■ Work task: Retype the listing below line for line, but only from the line with "Palm trippel hengende" down to the line with "Сьогодні психіатричну допомогу", inclusive. Pictures stay out.

■ Data for this exercise:
#####

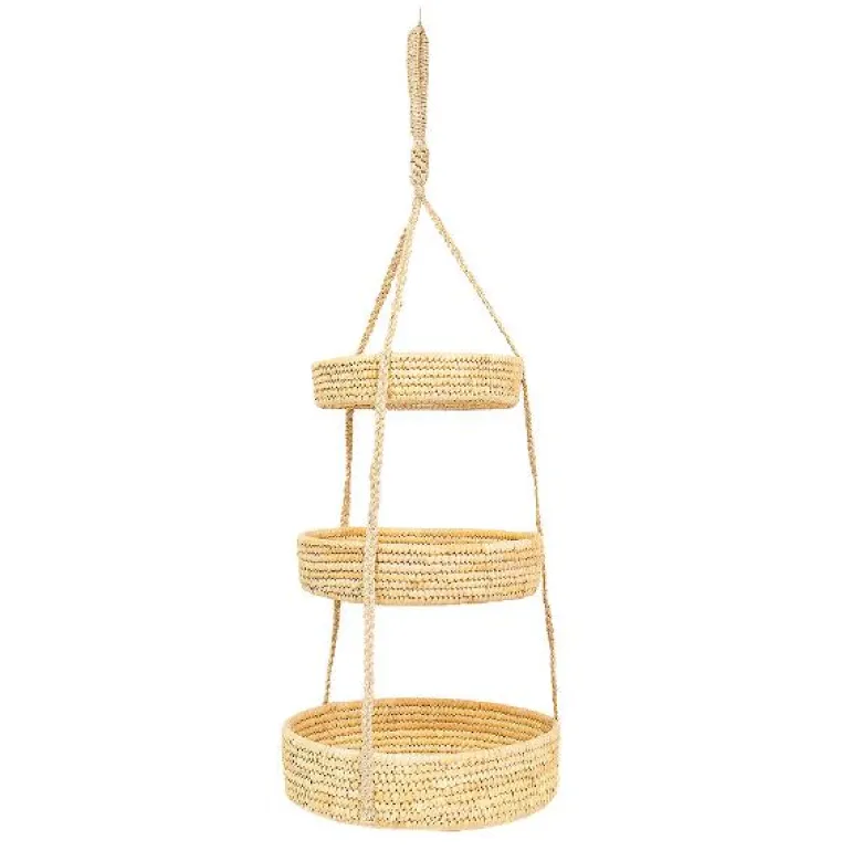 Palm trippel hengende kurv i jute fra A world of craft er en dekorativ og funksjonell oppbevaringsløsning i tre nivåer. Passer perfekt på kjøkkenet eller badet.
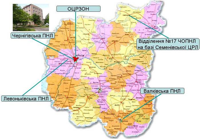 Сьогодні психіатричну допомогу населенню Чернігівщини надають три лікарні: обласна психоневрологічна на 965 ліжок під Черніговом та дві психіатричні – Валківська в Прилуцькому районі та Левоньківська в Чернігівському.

#####

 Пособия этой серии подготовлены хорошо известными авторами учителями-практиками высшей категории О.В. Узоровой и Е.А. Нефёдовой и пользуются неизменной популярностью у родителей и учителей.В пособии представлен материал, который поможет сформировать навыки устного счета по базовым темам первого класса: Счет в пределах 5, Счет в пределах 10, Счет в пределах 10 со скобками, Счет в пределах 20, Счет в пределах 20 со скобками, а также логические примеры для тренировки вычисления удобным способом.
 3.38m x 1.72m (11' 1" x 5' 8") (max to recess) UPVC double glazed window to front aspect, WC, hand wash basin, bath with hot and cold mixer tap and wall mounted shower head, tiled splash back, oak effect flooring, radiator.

#####

■ Result of the exercise:
 Palm trippel hengende kurv i jute fra A world of craft er en dekorativ og funksjonell oppbevaringsløsning i tre nivåer. Passer perfekt på kjøkkenet eller badet.
 Сьогодні психіатричну допомогу населенню Чернігівщини надають три лікарні: обласна психоневрологічна на 965 ліжок під Черніговом та дві психіатричні – Валківська в Прилуцькому районі та Левоньківська в Чернігівському.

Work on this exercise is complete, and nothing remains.